Charlotte Latin Salutes Veterans

“We appreciate everything you have done to keep our nation’s light shining bright,” Head of School Charles Baldecchi said this morning to the military veterans attending an assembly in Thies Auditorium commemorating Veterans Day. The thirteen veterans present included Charlotte Latin graduates, parents, and employees.
Students shared the history of Veterans Day with their classmates — dating back to 1919, when it was known as “Armistice Day” and commemorated the soldiers who fought in World War I — but the featured speaker was Theresa Campobasso ’04, a Latin graduate with degrees from Notre Dame and Georgetown who served as an intelligence officer in the Marine Corps, specializing in Iraq, Afghanistan, and the Asia-Pacific region.
“I’m very passionate about my choice to select public service,” she said. She emphasized that her path wasn’t expected by anyone, least of all herself: at Latin, she immersed herself in her English and history classes, also doing many theatrical productions. But she started physical training with ROTC students at Notre Dame because “they were interested in pushing themselves to the ultimate limit” and gravitated toward the Marines. She soon found that “briefing and storytelling and communicating are essential skills for the intelligence community.” As she put it, “I was able to use my gifts to find my own way to serve in the military.” She now works in private industry, as the senior vice president of strategy and business development at Exiger.

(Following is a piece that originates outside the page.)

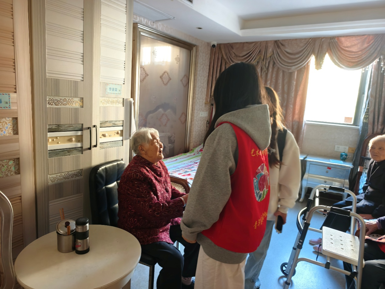 2025年10月22日下午,武汉学院艺术与传媒学院青年志愿者团队怀揣满腔热忱走进康馨养老院,他们以实际行动践行尊老敬老的传统美德,用真诚与关怀陪伴老人们度过了一段温馨时光。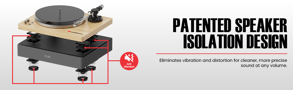 - Patented Speaker Isolation Design – Our innovative design decouples the speaker from your turntable, eliminating acoustic feedback and vibration-induced distortion. Enjoy cleaner, more precise playback even on heavy bass tracks or at higher volumes, preserving both your vinyl and stylus while delivering optimal sound clarity.

Campobasso shared her story first with the assembled Upper School students and then again with Middle School students. (Lower School students gathered in Thies in the afternoon to sing patriotic songs, ranging from “America the Beautiful” to “This Land Is Your Land,” led by Lower School Music Teacher Aneudy Melendez and Director of Performing Arts Alicia Long.) She then visited the Upper School class Literature of War (taught by Richard Harris, also a former teacher of hers) to go more in-depth on the details of field operations, defining the difference between counterintelligence and counterespionage, explaining the limitations of polygraph tests, and sharing a useful acronym for the reasons people gather intelligence for foreign country. (MICE: M for Money, I for Ideology, C for Coercion, E for Ego.)
Espionage is often aided by technological means. Campobasso’s work in counterespionage meant that she had to make sure that American secrets were safeguarded from technological hacks, like circumventing the security restrictions on an AI program by asking it to sing a lullaby that included a password. However, technology comes in many gradations, she reminded Latin’s students: in a remote region of Afghanistan, she remembered, “There was one instance when we had to teach someone to read a map.”